He said: “I had welcomed the prospect of 125,000 additional members being given the opportunity to vote in this vitally important leadership election.

“I don’t think it changes anything for me. I’m just going to carry on getting around the country talking to members, old and new members, and trying to persuade them that the crisis that I see in the country and the crisis that I see in the Labour Party, we’ve got to solve them both.”

Iain McNicol, the party’s general secretary, led the appeal against the High Court’s original decision. Announcing the Court of Appeal’s decision yesterday ,Lord Justice Beatson, sitting with Lady Justice Macur and Lord Justice Sales, said: “On the correct interpretation of the party rules, the National Executive Committee has the power to set the criteria for members to be eligible to vote in the leadership election in the way that it did.”

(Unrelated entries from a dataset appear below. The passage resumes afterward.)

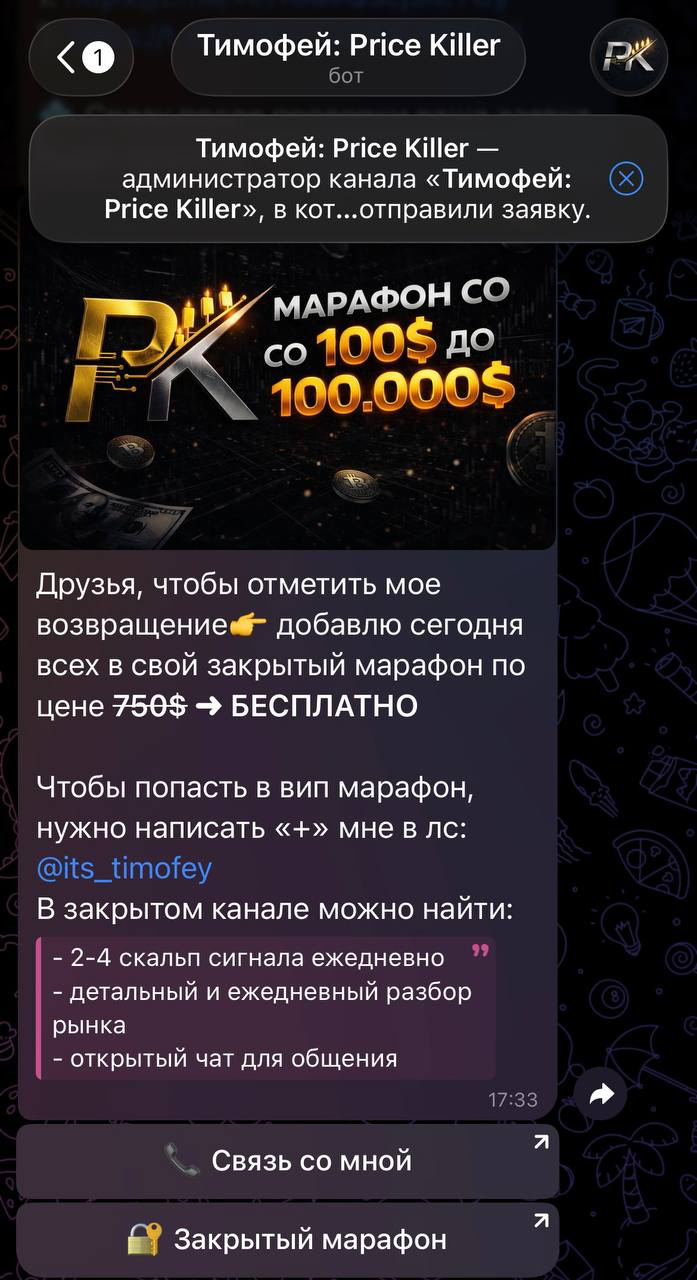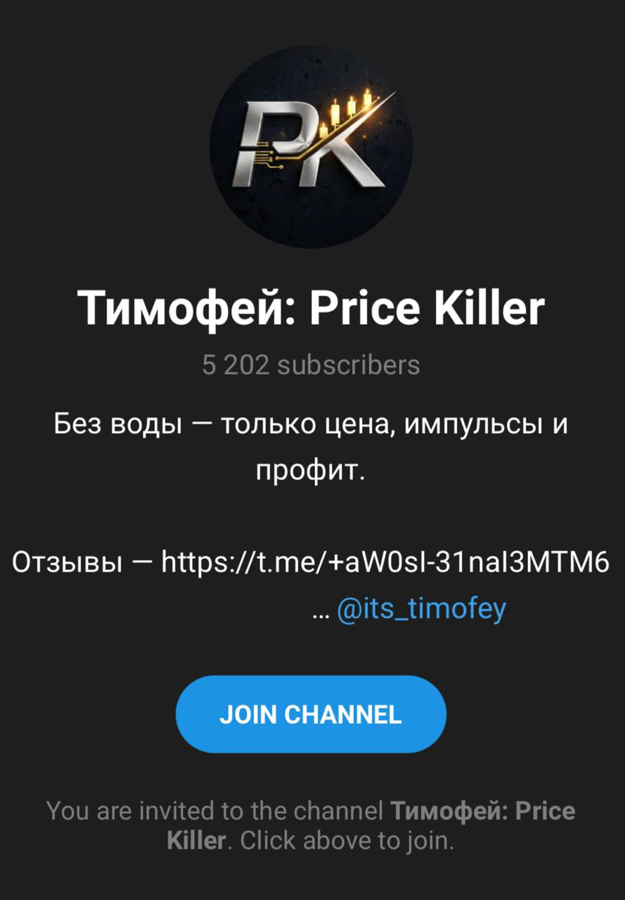 Мы не рекомендуем доверять этому каналу свои средства. Если у вас уже есть опыт взаимодействия с Тимофеем Price Killer, поделитесь им в комментариях.
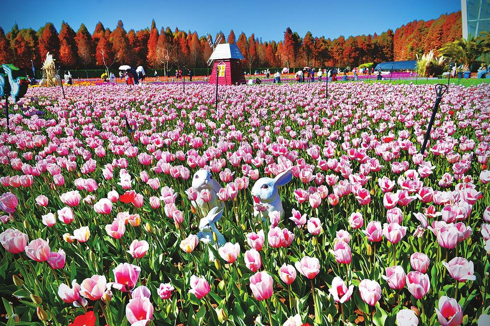 近日,昆明捞渔河湿地公园100万余株郁金香形成花海。本报记者龙宇丹/摄
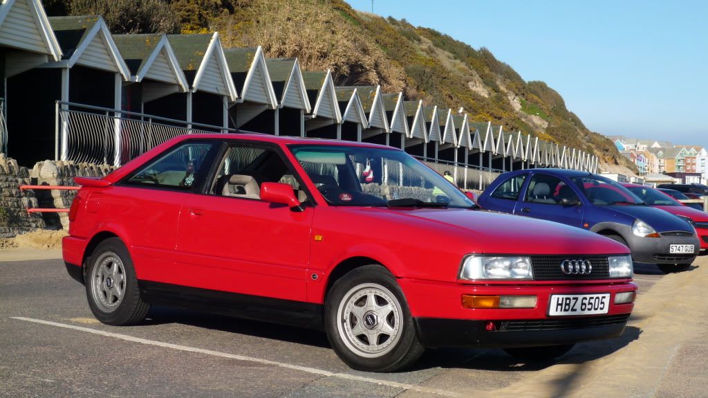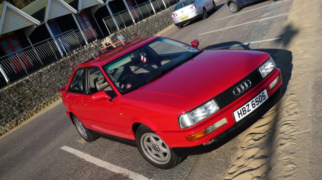 Hi everybody I'm gonna test the water and see if anyone has interest in my car. Its a 1990 Tornado Red B3 Coupe Quattro with 123k miles, 20V 7A engine. Had 3 owners since new, I've had the car since last April and I have invested a lot of time and money into it since. (more than the price I paid for it) It was bought from a member on this forum who was selling this to fund a clutch replacement for his RS2 Reason for the sale is that I can't afford to keep it anymore; its my only car and its used as a daily driver/shopping trips/weekend of spirited driving vehicle. In honesty I don't need to own a car, its just a guilty pleasure. Its sat outside my flat most of the time not getting used, also I don't have access to a garage to do the more demanding jobs I would like to do myself and also i'm limited by my mechanical knowledge so I have to take it down to my local VAG specialist garage for the tricky tasks. Anyways i'll list the plus and negative points of it, i'll be completely honest as I can as we all know here what the pros and cons of Coupe ownership bring. Good points: It was treated to a full respray by the previous owner in original tornado red, it looks immaculate after a good clean and wax and there is only one dent on top of the front nearside fog light about an inch across as well as sone stone chips along the side from a result of some snowy car park fun I had after this wonderful winter. Alloys are original 15" Speedlines in great nic, has brand new Hancook tyres on rear and Yokohamas on front with about 4 mil tread left. Last owner had a lot of work done to the suspension involving wishbones and various bushes, I don't have exact details of what was done but car drives very well with no nasty knocks or juddering. Has new cam belt, water pump, and timing chain and new coolant in January, this was to sort out a nasty rattle due to a duff chain, as the chain needed replacing I went ahead and did the cam belt and waterpump. This was done at Advanced Auto Repair in Christchurch who are VAG specialists New Rad fitted last year as the old one had a blockage and was boiling the coolant, new thermo switch and coolant replaced as well. Engine runs fine, the gauge shows it running quite hot but I think this to be a sensor issue (see Rusty's thread in guides and top tips section here on Gauges and where needles should sit) Aux rad cuts in and out properly and engine runs very well. I got a new Bosch distributor for the car in Febuary curtosey of Tom from RCMR here on the forums. its an original item costing £220 with a steel drive gear. He has seen and driven the car and has told me it drives very well for a coupe. I re-did the roof lining last year as the old material was dropping down, mouldy and smelt nasty due to a sunroof leak. Its not 100% but looks much better. I Fitted a new drainage hose to the N/S passenger side and POR15'd a rusty bit. Car stays nice and dry Rest of interior is in good nic for a 20 year old car. Radio aerial was replaced as the old one wasn't connected and was letting water into the car. Its had a mod to the gearbox involving a brass gear to cure transmission whine, this was done by the previous owner its been waxoyl'd as well, no rust anywhere on the car that I know of. Has a Toad Ai606 cat 1 alarm immobiliser that cost me nearly £300 with fitting. Has a wharfedale CD player with aux-in and i'll sell the car with the original blaupunkt head unit which I believe to be a factory fitted head unit. I've fitted a Pioneer TSWX20LPA Powered sub in the boot which is an awesome bit of kit, cost me £250 new New Bosch silver battery Most interior electricals work, Diff lock and ABS switch work as they should. Replaced driver side window and cartridge assembly this year after the old one frayed a cable curtosey of Acidburn here. Windows are nice and smooth. Boot and clusters have been resealed with butyl and I replaced the rubber boot seal to cure a nasty leak. I was tired of getting frost both inside and outside of the rear window. It stays nice and dry now and there's little to no condensation inside the car in the morning. It gets treated to wash and wax every few months with Meguiars products. Like I said the car doesn't do a lot of miles so doesn't get a chance to get very dirty apart from the odd bit of Dorset guano. Its been decatted, but has original exhaust. Bad Points Theres a loud ticking coming from the distributor near the top of the head after the engine is warmed up. The noise was there before the new diz was fitted but its remained. Doing a bit of reading on 20v.org its mentioned there is a bit of play in the drive gear which can cause ticking around 2000rpm which is what happens to mine. I've examined the distributor myself and there is a tiny bit of play so this could be the culprit. Tappets have been checked at a garage and they're fine. I think the front brakes are warped, under heavy braking I get steering wheel judder. I've got some new front discs and pads to put on but haven't got around to fitting them. I'll throw em in with the sale. Its missing the Quattro front grille badge, and missing the badges from the rear of the car aside from the four rings. Reason is the last owner didn't put them back on after he resprayed the car. I have some of the boot badges but they're in poor condition. It smells of fuel inside the car, the fuel pump is very noisy but is still working. The Rocker cover gasket is a tad poor but there's no leaks, two of the allen key heads have snapped off but its holding pressure alright. Recently after a cold start the idle fluctuates quite a bit and settles down after its warmed up. I've noticed excessive fuel consumption recently as well. Could be a lamba sensor issue or another electrical problem or maybe related to the fuel pump. The Power Steering Accumulator leaks bady and doesn't hold pressure, you have to rev the engine to turn the wheels at low speed. I've ordered a replacement one from Custom Auto Craft which will

Mr Corbyn’s team said Labour’s lawyers had “invoked an obscure clause” in the party’s rule book that “could be read as giving the NEC the right to ignore all of the rules laid out”.

A spokesman said: “In other words, this is a ‘make it up as you go along’ rule. We do not think that making it up as you go along is a reasonable way to conduct democracy in our party. Serious questions must be raised, however, over why and how the NEC procedures committee brought this appeal. In doing so, it effectively risked new members’ money on an attempt to disenfranchise them.”

NEC chairman Paddy Lillis insisted the party had been right to launch an appeal, claiming it would have appealed against the High Court if it had ruled against the body’s decision that Mr Corbyn should automatically be on the ballot paper for the leadership contest in a previous case.

“The original court decision had wide-ranging implications for the party and the authority of our governing body,” Mr Lillis said. It was the correct decision to seek clarification on this fundamental principle in the Court of Appeal.”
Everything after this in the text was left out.